Over and over, he had run test programs on the pattern of the Harold Smith killings. Over and over, there had been no correlations-no common background features, no family relationships, no patterns of criminal activities. Nothing tied the Harold Smiths together except that they were all named Harold Smith, were males over sixty, and had disappeared or died in grisly circumstances.
The evidence was circumstantial, but it was compelling. It looked like the work of a possibly insane serial killer. Certainly normal law-enforcement agencies, if they ever learned of the pattern, would come to that conclusion.
Dr. Harold W. Smith knew that he was the killer's real target. He knew it with a certainty that bordered on the psychic. He knew it because of who he was, and he knew he was next on the killer's route.
The waiting was becoming a problem. Smith wished the killer would find him, just to get it over with. Just to learn the identity of his enemy.
Smith decided to attack the problem from another angle. He ran a logical extraction program and began entering facts.
Fact 1: Unknown killer knows name of target.
Fact 2: Unknown killer knows approximate age of target.
Fact 3: Unknown killer selects targets as he travels, probably by road.
Query: How does unknown killer locate his targets? The computer busily searched its files, correlating data faster than any machine but the number-crunching supercomputers owned by the Pentagon. After a minute, answers began to scroll up the screen, each rated by probability factors. Smith selected the least likely probability for a control test.
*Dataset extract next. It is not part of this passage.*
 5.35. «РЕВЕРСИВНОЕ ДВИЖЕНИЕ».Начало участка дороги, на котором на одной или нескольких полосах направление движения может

The least likely probability indicated that the unknown killer selected his targets from local phone books. Smith asked the computer to sort the names of the murdered Harold Smiths into two categories: those who were listed in local phone directories and those with unlisted numbers. As an afterthought, he added a third category, those who did not own phones or were not listed under their own names.
Smith stared for a long moment at the computer's answer.
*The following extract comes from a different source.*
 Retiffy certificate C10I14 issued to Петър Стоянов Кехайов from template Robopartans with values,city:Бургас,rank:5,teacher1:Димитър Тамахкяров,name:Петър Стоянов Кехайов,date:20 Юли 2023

All thirteen victims were listed in the local phone directories.
"It's too simple," Smith told himself. "It can't be." But it was. Smith had been operating on the assumption that the killer was some highly trained intelligence agent who would use sophisticated resources and experienced methods to execute his goals. This was too crude, too amateurish, too random. It would take months, even years, before the unknown killer reached his objective. Conceivably, he might kill every Harold Smith in the target group before reaching the right one. If then.